Coursera Data Science Capstone (Week 2)

The presented document shows some data exploratroy analysis on the text data that can be downloaded from here. The main objective of this assignment is to make the sample corpus, build the 2-gram and 3-gram TDM and carry out exploratory analysis on the corpus.

Preparation

The following packages are required:

library(NLP)
library(ggplot2)
library(tm)
library(textmineR)
library(wordcloud)
library(stringr)
library(RWeka)
library(SnowballC)
library(data.table)

Reading text files:

dataBlogEn <- readLines("en_US.blogs.txt", encoding = "UTF-8", skipNul = TRUE)
dataNewsEn <- readLines("en_US.news.txt", encoding = "UTF-8", skipNul = TRUE)
dataTwitterEn <- readLines("en_US.twitter.txt", encoding = "UTF-8", skipNul = TRUE)

Basic Exploratory Analysis:

Nummber of English blog lines: 899288.
Nummber of English news lines: 77259.
Nummber of English Twitter lines: 2360148.
Nummber of words in English blog: 37873924.
Nummber of words in English News: 2662071.
Nummber of words in English Twitter: 30555635.

Sampling

Now, because the files are too big to be handled by my computer, 2000 lines of each file are sampled and binded and used in the report.

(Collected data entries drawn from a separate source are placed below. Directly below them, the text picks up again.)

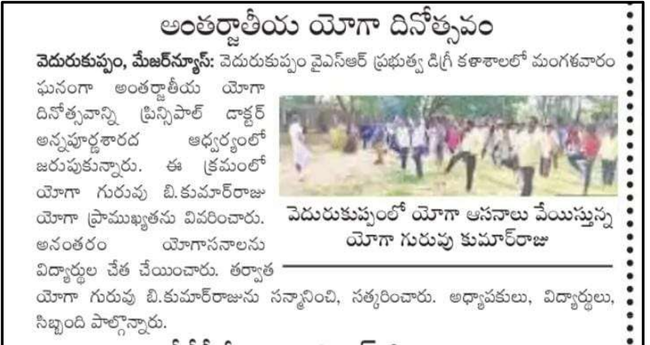
Fig: Newspaper clipping on Yoga celebrations in Dr YSR GDC, Vedurukuppam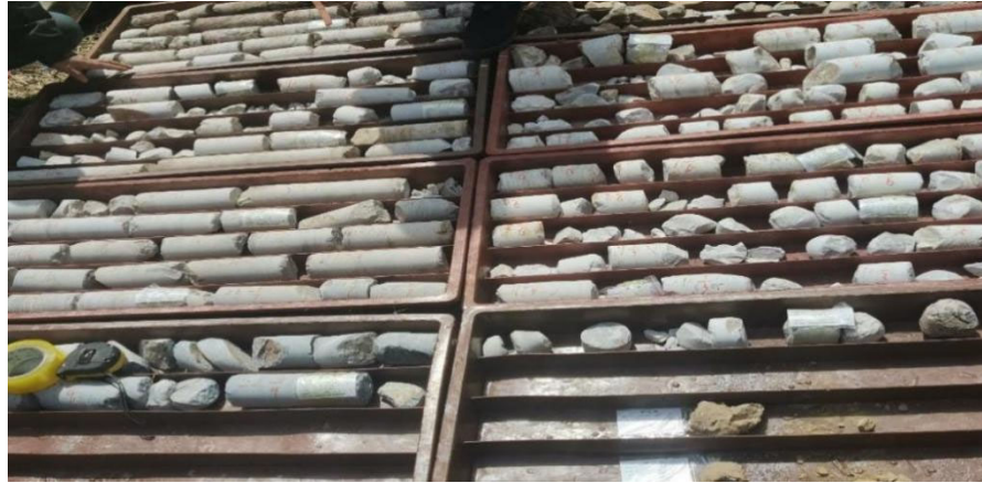
Figure 1. Core catalog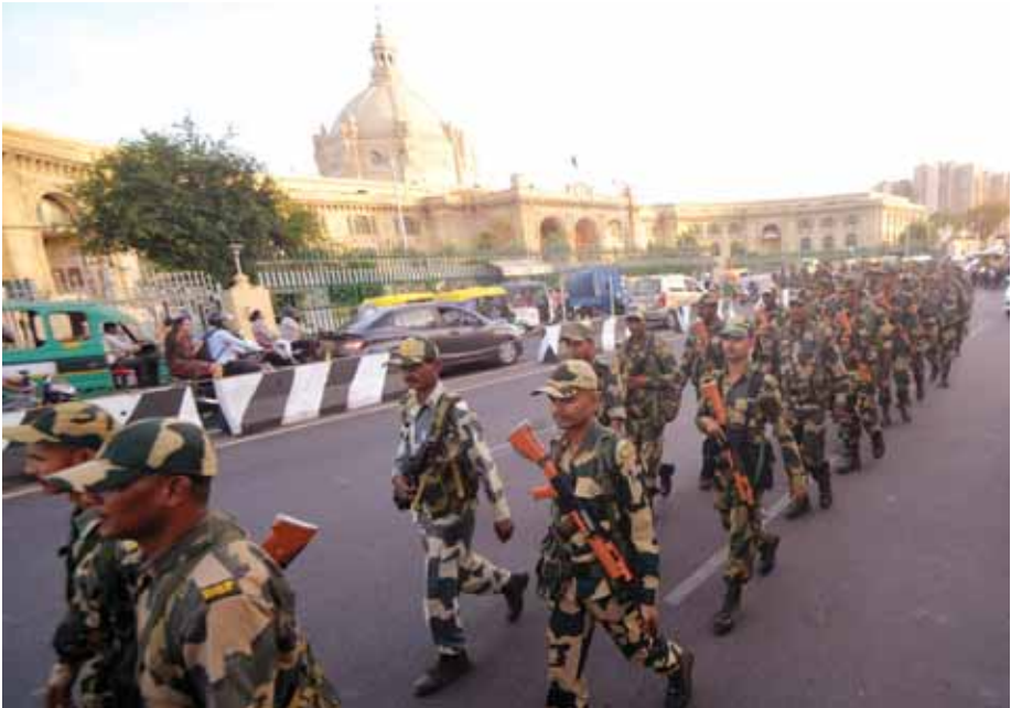
BSF personnel conducting a flag march in front of Vidhan Bhawan in Lucknow on Tuesday

5 KILLED IN COLLISION BETWEEN DUMPER TRUCK AND AUTORICKSHAW Meanwhile, a speeding dumper truck rammed an overloaded autorickshaw in Chitrakoot district on Tuesday, leaving five people dead and three others injured. According to police, the accident occurred on Tuesday morning and five people aboard the three-wheeler died on the spot while three others were grievously injured. Visuals showed the mangled remains of the autorickshaw which was completely crushed due to the impact of the collision. Other clips showed the mutilated bodies of the victims being removed from the site. Reports said that the victims were on their way to Chitrakoot when the accident occurred at the National Highway-35 (NH-35) near a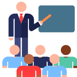
Flipped Class / Mentoring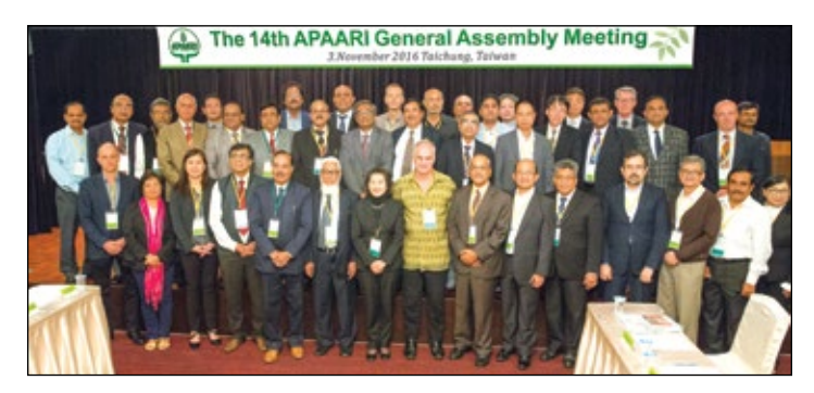
Participants of 14th APAARI General Assembly Meeting, Taiwan

The 14th General Assembly Meeting (GAM) of APAARI was hosted by the Council of Agriculture (COA) and held at the Hotel National, in Taichung, Taiwan on 3 November 2016. Forty six members, partners, special invitees and APAARI staff and consultants participated in the meeting.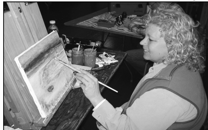
Valley artists at work at the RCC Belt Bldg. in Kerby

sampleBlog <- readLines("en_US.blogs.txt", 2000)
sampleNews <- readLines("en_US.news.txt", 2000)
sampleTwitter <- readLines("en_US.Twitter.txt", 2000)
bindData <- c(sampleBlog, sampleNews, sampleTwitter)

Tidying Up the Text

All numbers and non-word letters, punctuations, extra spaces and stop words are removed from the text and uppercase letters are lowercased.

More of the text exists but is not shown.